A small tea glass with a narrow waist.

Georgia

A fierce and violent green jungle.

The orthodox fausse-blonde girl-next-door who although appears very chaste on the outside is actually very pompous on the inside. At the same time, it’s the very sweet and chubby cow, whose name ends in ishvili and who likes to walk around in the middle of the road, surrounded by black flies and who taught me life and happiness. As well as the handsome young man with the blues eyes, sipping a sweet wine.

Elegant teenagers talking as if they were about to vomit. Plus, it’s as if they threw a plate of spaghetti on the wall in order to create the Georgian alphabet. The spaghetti is actually a greasy and doughy pie, though it could also be a humid and rainy long boulevard. Or even the shiny pink color the Rose Revolution brought with him and the gentle Art Nouveau styled balconies under the invasion of the previously mentioned color.

Adjara, forbidden Abakhazia and Ozurgheti. Batumi, Poti, Kutaisi, Tblisi. Rustaveli avenue and Pushkin street. Sometimes sparkly and irrelevant colored lights. The little cabin where Joseph Vissarionovich Dzugashvili was born. The Lenin poster in the back of a shoe workshop.

The cunning gypsy whom I taught French to: “Je m’appelle Canard” (My name’s Duck”).

Photography

Everything. Everyone.

This and that.

The glaring old man, children running after me.

An old dream reappearing before my eyes, a difficult to decipher and mysterious idea that I feel like sharing with the world.

The depths of my mind, the eyes of humans.

The thing I look for most in a successful shot is for the viewers to create their own stories. Exactly how I invent a tale upon viewing a photograph, a painting a sculpture, I would like other people to recognize their own worlds in my pictures. If my goal is not to share a message or to present someone as they are to the world, I like to hear the viewer’s first thoughts without giving any information about the photographs. If it means making a handful of people ponder upon something they do not grasp, they do not know it’s enough for me. At least they didn’t search for the easy way out.

White

An empty canvas.

In China, it stands for death while in the west it symbolizes purity. It’s also the color of royalty in France and Russia.

A white skin and the light summer dress hanging over it.

Digital Photography

Cheaper than film photography.

A lot cheaper.

Idol

The people I’ve never met in my life.

They’re not the kind of people who’ve achieved anything important.
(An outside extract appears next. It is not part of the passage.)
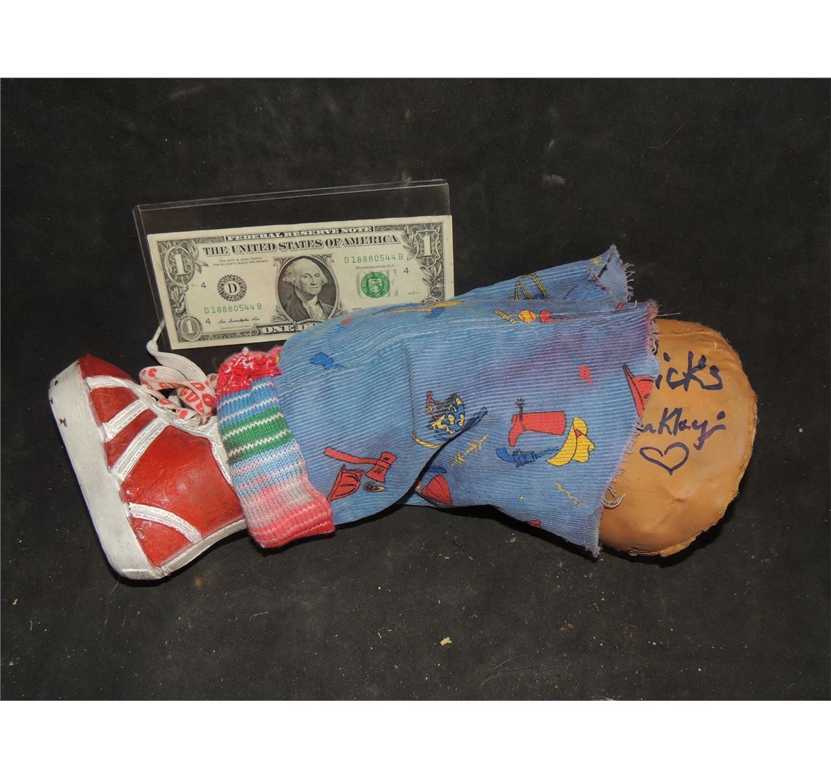 This is the only piece in CHILD'S PLAY history that has a prop from each of the 5 original films! It is also hand signed by stars Ed Gale and Katherine Hicks!

They’re usually found in books. They’re usually Russian or sometimes Turkish. It’s hard to find Americans amongst them.

They’re usually honest people who always stand up for what they believe in. Though sometimes they really don’t care about a whole lot. I know everything yet nothing about them. Although I’m an omnipresent aspect in their lives, I stare at them behind a window, as if I was God.

They usually have three names. They’ve lived in the 19th or the 20th centuries.

When I close my eyes I tend to see them, if they’re still there when I open them it either means I’m in love or a complete lunatic.

Nevertheless they always are a great source of inspiration to me.

Cinema

I’m not sure why but when people hear that I’m involved in photography they immediately tend to believe that I have an interest in cinema. Still I have nothing whatsoever to do with cinematography. It’s true that I enjoy watching a good movie from time to time but it’s certainly not my area of expertise. All the same I can’t say ‘no’ to an exquisite independent film with a very hard to understand and interesting subject.

Fear

Needles, lots and lots of needles, pointy, grey needles.

Oyun

From the little kids skipping ropes in front of the building to the grannies gathered around a table playing cards.

Something to amuse you, to make you happy and take to another realm to make you relax even if it means for a few measly seconds. When you laugh after finally finishing a round of Monopoly, the few seconds you’re hanging in the air while skipping rope, the bliss you share with the people around you.

Of course it’s important to learn how to be a good looser.

2050

Way too far. Carpe diem, carpe diem.